Task brief: Output range, inclusive: from the line containing "据《中国报》报道,事发时一辆" to the line containing "מיטת קומתיים, מיטת". Restate those lines from the data below word for word and only those.

Material provided:
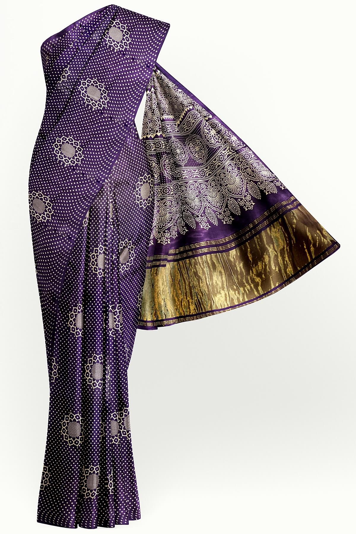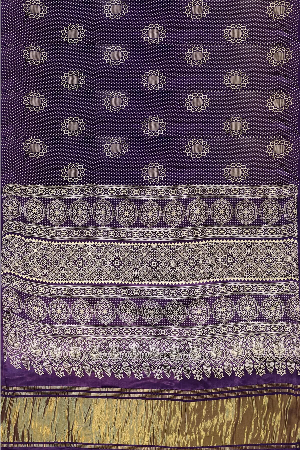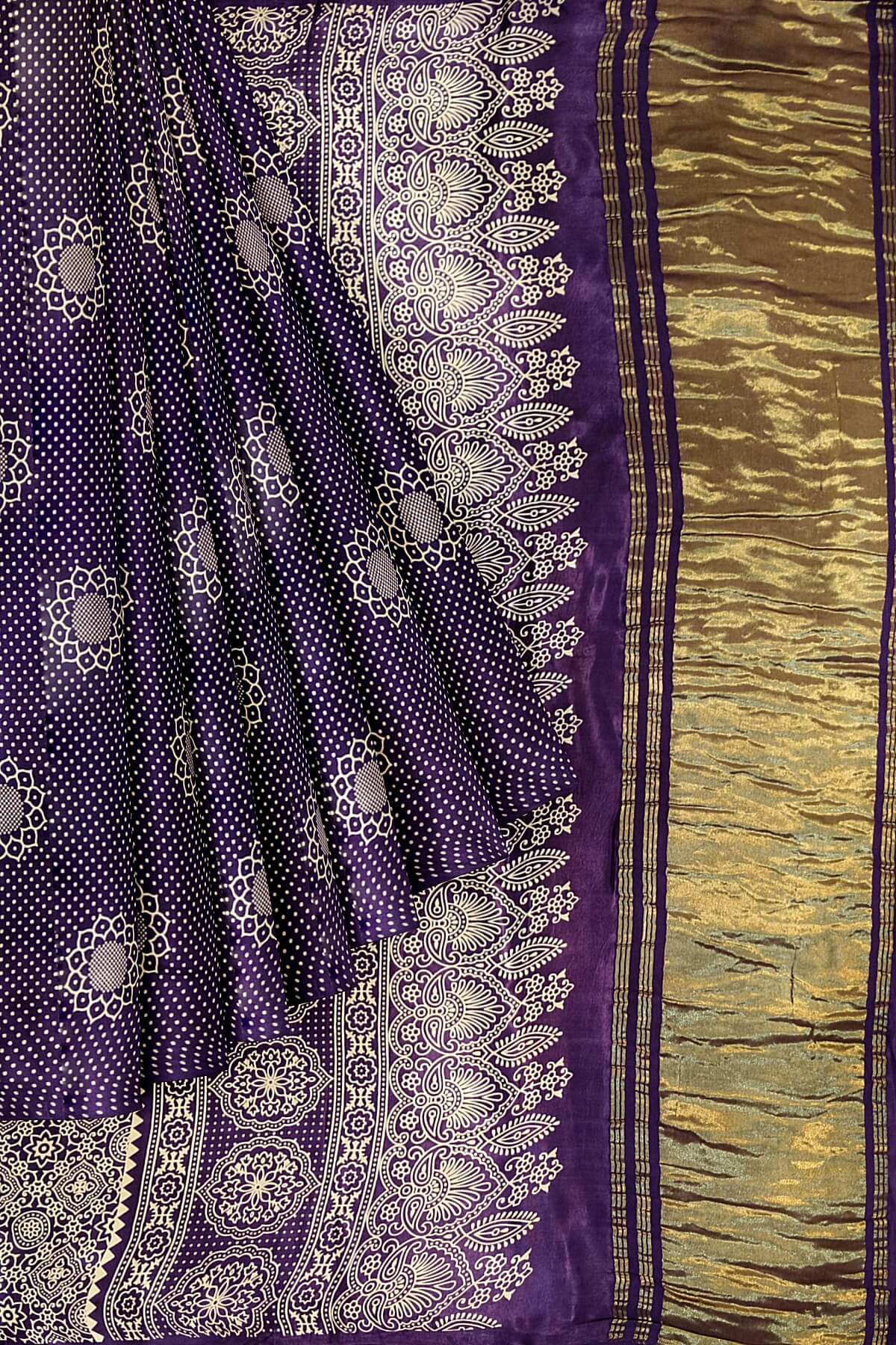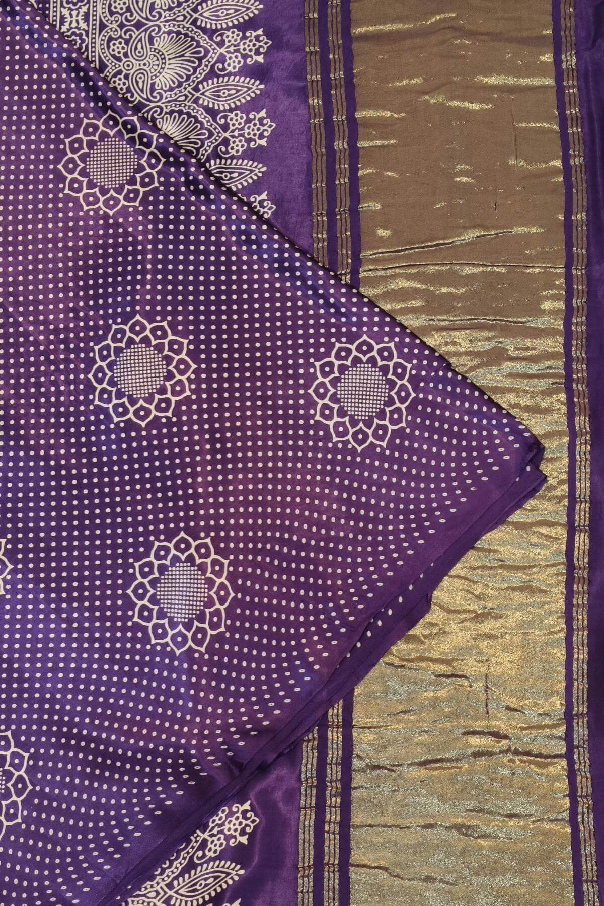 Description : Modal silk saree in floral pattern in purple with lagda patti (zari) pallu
---
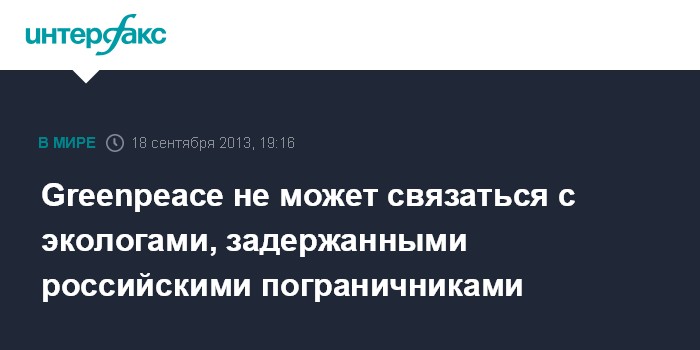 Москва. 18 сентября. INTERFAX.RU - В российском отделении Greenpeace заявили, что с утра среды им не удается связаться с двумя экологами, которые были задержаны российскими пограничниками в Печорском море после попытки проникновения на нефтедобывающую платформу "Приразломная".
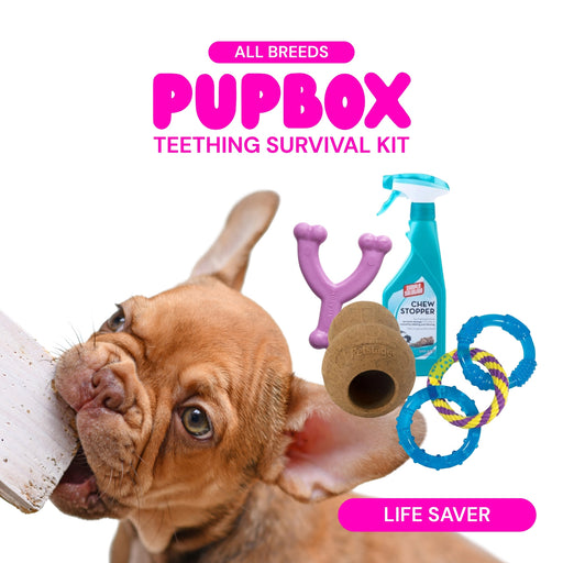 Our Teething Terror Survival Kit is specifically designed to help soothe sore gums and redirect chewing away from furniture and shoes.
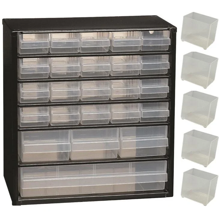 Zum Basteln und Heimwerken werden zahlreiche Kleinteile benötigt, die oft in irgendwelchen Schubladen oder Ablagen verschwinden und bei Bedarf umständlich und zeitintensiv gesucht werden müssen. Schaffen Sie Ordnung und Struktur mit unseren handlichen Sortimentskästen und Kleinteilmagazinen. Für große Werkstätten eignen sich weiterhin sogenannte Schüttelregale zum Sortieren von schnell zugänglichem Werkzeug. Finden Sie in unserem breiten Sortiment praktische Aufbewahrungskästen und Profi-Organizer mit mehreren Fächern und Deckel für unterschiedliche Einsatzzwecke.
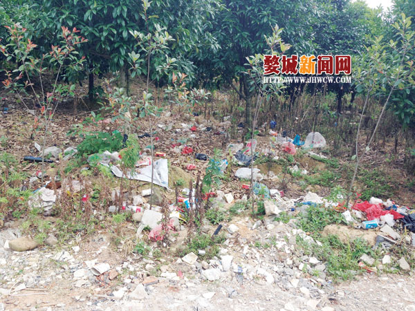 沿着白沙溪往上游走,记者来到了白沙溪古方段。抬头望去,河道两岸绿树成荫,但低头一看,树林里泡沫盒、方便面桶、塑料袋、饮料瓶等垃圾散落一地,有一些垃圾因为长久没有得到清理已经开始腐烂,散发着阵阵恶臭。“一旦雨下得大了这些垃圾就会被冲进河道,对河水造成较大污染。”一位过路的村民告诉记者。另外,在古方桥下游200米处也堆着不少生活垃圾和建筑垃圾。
==
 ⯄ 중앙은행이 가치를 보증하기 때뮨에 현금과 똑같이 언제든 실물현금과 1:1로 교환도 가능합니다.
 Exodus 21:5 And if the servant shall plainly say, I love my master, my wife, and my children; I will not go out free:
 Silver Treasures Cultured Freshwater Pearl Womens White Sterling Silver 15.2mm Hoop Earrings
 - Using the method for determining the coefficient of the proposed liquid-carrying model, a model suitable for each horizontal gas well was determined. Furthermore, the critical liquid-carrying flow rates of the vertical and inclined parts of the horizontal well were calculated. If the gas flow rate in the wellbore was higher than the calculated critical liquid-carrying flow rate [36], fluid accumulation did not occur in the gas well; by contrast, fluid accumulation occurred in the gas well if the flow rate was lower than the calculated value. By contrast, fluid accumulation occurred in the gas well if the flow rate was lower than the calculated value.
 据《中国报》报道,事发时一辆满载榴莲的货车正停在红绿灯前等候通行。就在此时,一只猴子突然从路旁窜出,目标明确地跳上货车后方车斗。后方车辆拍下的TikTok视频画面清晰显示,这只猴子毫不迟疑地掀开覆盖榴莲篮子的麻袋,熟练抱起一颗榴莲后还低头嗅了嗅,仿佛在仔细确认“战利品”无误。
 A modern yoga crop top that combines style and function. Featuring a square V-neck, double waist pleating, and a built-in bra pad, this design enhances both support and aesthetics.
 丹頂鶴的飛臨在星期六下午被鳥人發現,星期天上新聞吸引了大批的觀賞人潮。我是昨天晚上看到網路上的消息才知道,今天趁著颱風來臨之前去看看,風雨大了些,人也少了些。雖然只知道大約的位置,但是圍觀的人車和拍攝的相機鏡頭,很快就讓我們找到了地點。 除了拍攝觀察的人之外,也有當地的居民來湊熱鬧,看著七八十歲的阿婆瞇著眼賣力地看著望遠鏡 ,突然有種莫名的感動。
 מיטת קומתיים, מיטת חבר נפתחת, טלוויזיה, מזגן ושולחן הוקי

Exercise response:
 据《中国报》报道,事发时一辆满载榴莲的货车正停在红绿灯前等候通行。就在此时,一只猴子突然从路旁窜出,目标明确地跳上货车后方车斗。后方车辆拍下的TikTok视频画面清晰显示,这只猴子毫不迟疑地掀开覆盖榴莲篮子的麻袋,熟练抱起一颗榴莲后还低头嗅了嗅,仿佛在仔细确认“战利品”无误。
 A modern yoga crop top that combines style and function. Featuring a square V-neck, double waist pleating, and a built-in bra pad, this design enhances both support and aesthetics.
 丹頂鶴的飛臨在星期六下午被鳥人發現,星期天上新聞吸引了大批的觀賞人潮。我是昨天晚上看到網路上的消息才知道,今天趁著颱風來臨之前去看看,風雨大了些,人也少了些。雖然只知道大約的位置,但是圍觀的人車和拍攝的相機鏡頭,很快就讓我們找到了地點。 除了拍攝觀察的人之外,也有當地的居民來湊熱鬧,看著七八十歲的阿婆瞇著眼賣力地看著望遠鏡 ,突然有種莫名的感動。
 מיטת קומתיים, מיטת חבר נפתחת, טלוויזיה, מזגן ושולחן הוקי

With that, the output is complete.